-- THE PROBLEM --
Although the listing contains pictures, reproduce only its text, exactly as written.

-- DATA EXTRACT --
================================

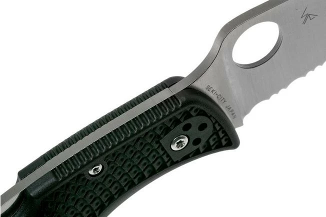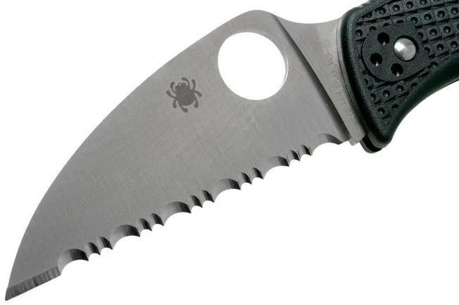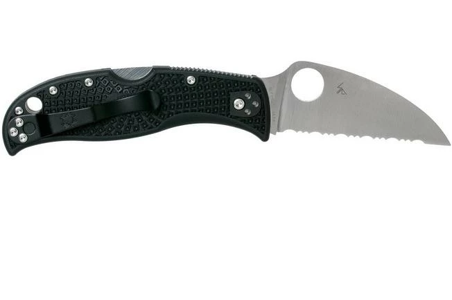 The Spyderco Rockjumper C254SBK serrated is a cool pocket knife for EDC use. The straight serrated edge of this version is perfect when cutting through rugged materials such as rope or cardboard. But also the pointed tip that emerges as a result is great for the more detailed tasks. Think, for instance, of cutting large pieces of cardboard on a flat surface. That is when you notice that the tip will come in handy!
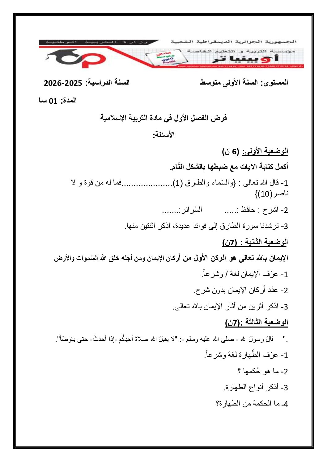 مادة التربية الإسلامية للسنة الأولى 1 متوسط دروس مفصلة، فروض واختبارات، تمارين محلولة: نموذج لإمتحان في الفصل الأول رقم 30- في مادة التربية الإسلامية مستوى السنة الأولى متوسط الجيل الثاني ، السنة الدراسية: 2025/2026 مع التصحيح
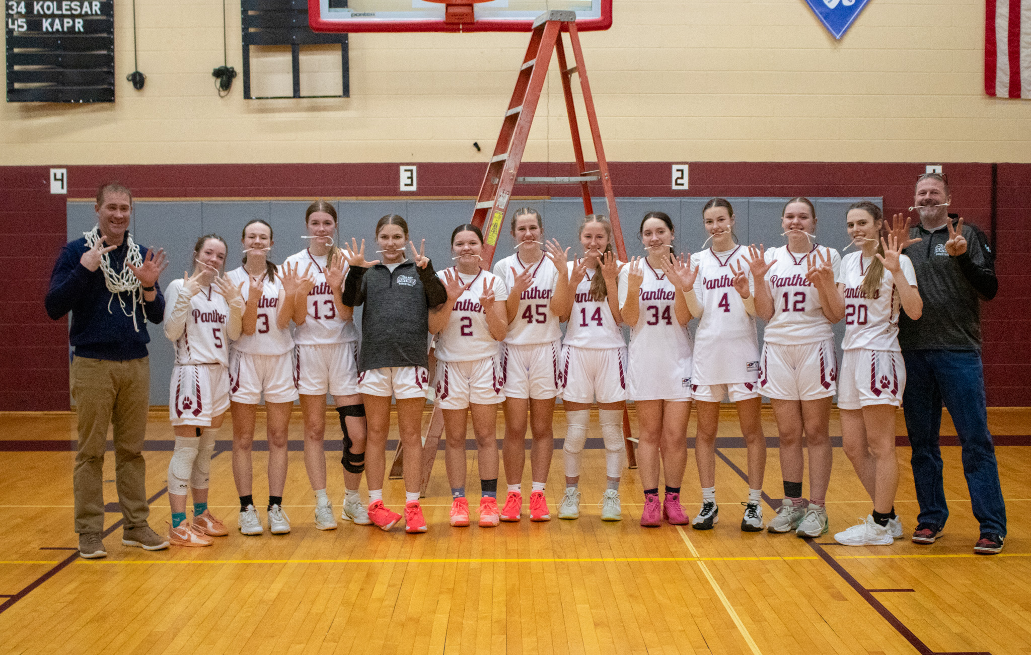 It was a group effort in the score book for the Panthers, as Kara Dughi led the way with 13 points, five boards, and three steals, as Leah had 11 points, five assists, and two steals.

================================

-- RESULT BELOW --
 The Spyderco Rockjumper C254SBK serrated is a cool pocket knife for EDC use. The straight serrated edge of this version is perfect when cutting through rugged materials such as rope or cardboard. But also the pointed tip that emerges as a result is great for the more detailed tasks. Think, for instance, of cutting large pieces of cardboard on a flat surface. That is when you notice that the tip will come in handy!
 مادة التربية الإسلامية للسنة الأولى 1 متوسط دروس مفصلة، فروض واختبارات، تمارين محلولة: نموذج لإمتحان في الفصل الأول رقم 30- في مادة التربية الإسلامية مستوى السنة الأولى متوسط الجيل الثاني ، السنة الدراسية: 2025/2026 مع التصحيح
 It was a group effort in the score book for the Panthers, as Kara Dughi led the way with 13 points, five boards, and three steals, as Leah had 11 points, five assists, and two steals.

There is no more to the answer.